"Had Enough?" versus "Feel Safer?"
by wakemeup7nov06
Mon Oct 09, 2006 at 06:39:22 PM PDT
- wakemeup7nov06's diary :: ::

Competing video footage from Iraq will trump this cold war footage as it flows in, since Iraq visuals are contemporary and involve American casualties. Similarly, the Foley scandal will yield interviews, documentary evidence and possibly a Foley arrest as video footage this month, and that will trump North Korea due to its subject of sex. There just isn't enough material for the MSM to work with, and a renewed nuclear race across the Far East will become the basic narrative.
The administration has immediately taken the North Korean issue to the UN Security Council, effectively taking a military response off the table right away. This brings the focus back on Iraq, where ongoing military conflict will get fiercer as the month progresses. The MSM will have to plug North Korea into a broader war narrative, with Iraq, Afghanistan, North Korea and Iran in a threat matrix that will look increasingly detached from 9/11 to the public.

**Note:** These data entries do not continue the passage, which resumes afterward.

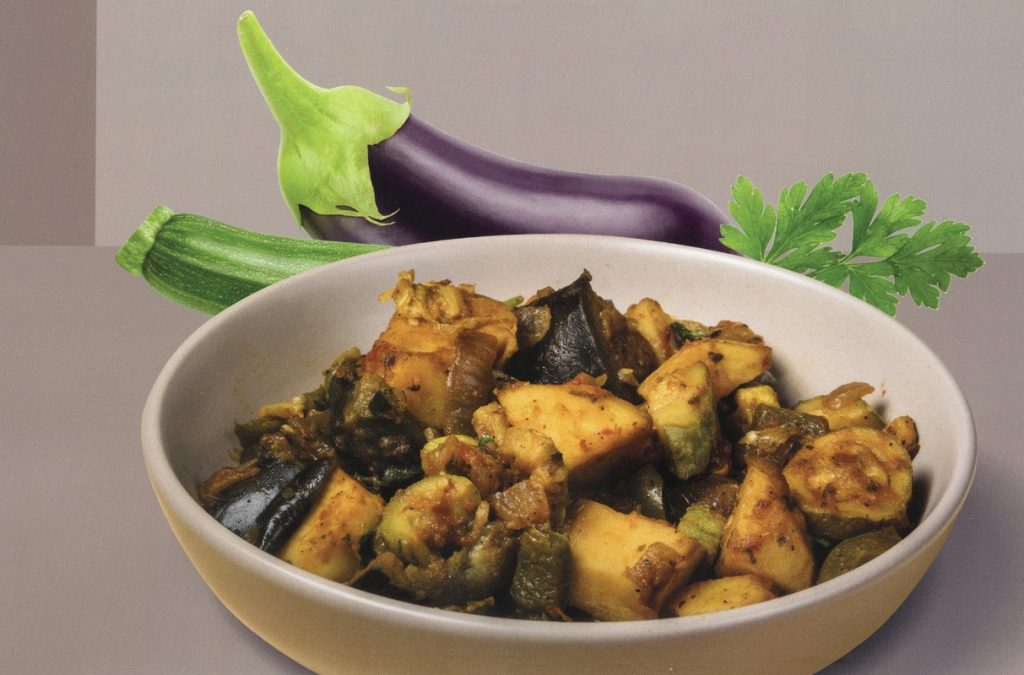 Προσθέτετε τις πατάτες, τις πιπεριές, τα κολοκύθια και τη μελιτζάνα και ανακατεύετε.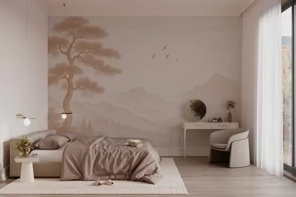 Fototapety panoráma kopcov s veľkým stromom v moka odtieňoch Nr. w04033v1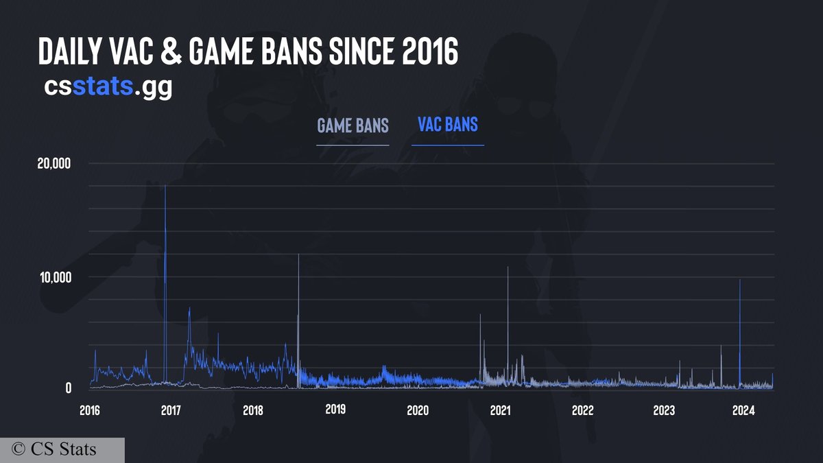 Согласно данным аналитического сервиса CS Stats, отслеживающего блокировки аккаунтов, сейчас разработчики Counter-Strike 2 и в самом деле активно блокируют читеров.

Public perception on the North Korean nuclear test will also be contested by Democrats on substantive terms, with the claim that North Korea sought nuclear deterrence to counter threats by the Bush administration. This will be echoed by military and diplomatic experts on the MSM, bringing the "Axis of Evil" phrase back into question. However tenuous their connection with 9/11, at least Iraq and Iran are Muslim countries, but North Korea is a complete WTF.

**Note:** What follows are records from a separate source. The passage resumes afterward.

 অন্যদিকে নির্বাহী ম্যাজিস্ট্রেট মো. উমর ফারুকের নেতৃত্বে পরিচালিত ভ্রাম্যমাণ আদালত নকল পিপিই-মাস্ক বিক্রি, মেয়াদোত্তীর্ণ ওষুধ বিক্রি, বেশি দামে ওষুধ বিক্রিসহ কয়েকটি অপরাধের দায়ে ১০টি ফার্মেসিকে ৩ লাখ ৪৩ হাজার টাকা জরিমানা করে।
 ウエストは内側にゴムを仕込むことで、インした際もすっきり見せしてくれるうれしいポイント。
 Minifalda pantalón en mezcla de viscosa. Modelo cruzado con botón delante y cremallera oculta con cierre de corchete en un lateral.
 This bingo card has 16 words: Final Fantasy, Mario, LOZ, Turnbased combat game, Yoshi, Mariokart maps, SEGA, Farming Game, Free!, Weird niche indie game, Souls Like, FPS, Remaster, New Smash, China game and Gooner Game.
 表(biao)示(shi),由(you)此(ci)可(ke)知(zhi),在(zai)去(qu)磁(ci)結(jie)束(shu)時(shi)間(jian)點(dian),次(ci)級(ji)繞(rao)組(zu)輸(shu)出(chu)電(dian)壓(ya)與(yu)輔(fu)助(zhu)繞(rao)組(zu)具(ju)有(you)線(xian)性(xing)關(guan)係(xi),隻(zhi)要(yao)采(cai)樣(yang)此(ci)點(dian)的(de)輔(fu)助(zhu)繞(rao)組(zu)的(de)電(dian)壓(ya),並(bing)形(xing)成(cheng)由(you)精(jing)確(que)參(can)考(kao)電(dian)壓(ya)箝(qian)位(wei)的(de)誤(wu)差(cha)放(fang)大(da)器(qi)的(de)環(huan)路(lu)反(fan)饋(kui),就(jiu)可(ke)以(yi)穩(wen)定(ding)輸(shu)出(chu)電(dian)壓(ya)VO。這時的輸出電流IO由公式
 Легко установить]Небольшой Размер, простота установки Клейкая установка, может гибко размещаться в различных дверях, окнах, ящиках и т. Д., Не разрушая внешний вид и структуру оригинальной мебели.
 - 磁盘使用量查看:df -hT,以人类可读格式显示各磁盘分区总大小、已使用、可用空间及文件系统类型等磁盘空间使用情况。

Parts of the MSM, Fox News and Wolf Blitzer for instance, will raise the canard that Bill Clinton let North Korea off the hook during his presidency, and hope that this gains traction with the public. However, this brings the timeline over the past six years in the breakdown of negotiations between the Bush administration and North Korea under scrutiny. In particular, this past year has seen much blatant saber rattling against Kim Jong Il, and the Taepo Dong missile launch on the fourth of July becomes a relevant story for the MSM to recall.
The MSM will have to examine the immediate and long term impact of the North Korean nuclear test. In the near term, Japan's new Prime Minister will push for an amendment to Article 9 of their pacifist constitution, following which they can turn their civilian program into a military one within six months. South Korea is likely to follow Japan, and that will give China a pretext to enlarge its nuclear program to retain dominance. This will inevitably cause Russia to reactivate their program, which coupled with India and Pakistan being nuclear, turns Asia into a proliferation playground. Predictably, Iran will go into a frantic frenzy to gain nuclear deterrence against an American pre-emptive strike.

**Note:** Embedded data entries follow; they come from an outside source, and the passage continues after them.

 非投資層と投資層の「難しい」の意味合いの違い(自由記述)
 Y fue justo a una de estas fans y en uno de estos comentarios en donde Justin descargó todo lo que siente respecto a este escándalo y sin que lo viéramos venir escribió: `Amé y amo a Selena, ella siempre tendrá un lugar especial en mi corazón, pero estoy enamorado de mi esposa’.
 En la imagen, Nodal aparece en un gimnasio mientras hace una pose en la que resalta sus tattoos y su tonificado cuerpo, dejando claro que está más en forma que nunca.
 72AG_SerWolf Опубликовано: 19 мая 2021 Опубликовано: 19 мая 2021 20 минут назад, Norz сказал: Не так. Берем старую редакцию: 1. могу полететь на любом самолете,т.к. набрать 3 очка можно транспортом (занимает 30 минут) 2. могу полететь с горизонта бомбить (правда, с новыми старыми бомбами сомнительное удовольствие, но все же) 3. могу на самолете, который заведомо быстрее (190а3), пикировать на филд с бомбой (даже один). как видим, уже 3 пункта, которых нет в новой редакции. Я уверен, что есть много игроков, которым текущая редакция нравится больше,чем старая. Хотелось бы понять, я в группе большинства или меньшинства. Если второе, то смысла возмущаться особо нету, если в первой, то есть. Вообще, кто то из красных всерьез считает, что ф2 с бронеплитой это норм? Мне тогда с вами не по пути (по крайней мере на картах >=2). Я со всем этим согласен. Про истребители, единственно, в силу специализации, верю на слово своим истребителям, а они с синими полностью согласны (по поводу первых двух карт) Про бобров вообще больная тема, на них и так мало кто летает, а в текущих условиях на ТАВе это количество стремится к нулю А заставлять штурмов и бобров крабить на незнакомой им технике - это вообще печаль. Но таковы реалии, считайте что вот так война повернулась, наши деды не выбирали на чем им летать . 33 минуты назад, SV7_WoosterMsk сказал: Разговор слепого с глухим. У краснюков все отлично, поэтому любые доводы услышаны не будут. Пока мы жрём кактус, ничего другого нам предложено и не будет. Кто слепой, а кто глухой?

This raises the question of an attack on Iran, with the North Korean nuclear test providing the justification. However, that will really fuck things up with the Shias in Iraq, Hezbollah will renew its campaign against Israel, oil supplies will be severly disrupted, and more mayhem will follow. Iran is nowhere near as easy an option as Iraq, and it won't take much of a provocation from us, a single strafing run, for Iran to retaliate on our interests in the region. Rather than encourage the drums of war, the North Korean nuclear test will probably make the MSM adopt a tone of caution on Iran.
Even cursory MSM analysis of the fallout from the North Korean nuclear test points towards a new arms race across Asia, and the bottom line for American voters will be that nuclear proliferation has been aggravated worldwide. Polls over the coming weeks will show whether Americans blame Bush for that or rally around the President as they traditionally do in a time of crisis. My feeling is that the "Feel Safer?" question that North Korea raises will reinforce the "Had Enough?" question already being raised by Democrats, and ultimately hurt the GOP or turn out to be a neutral issue on election day.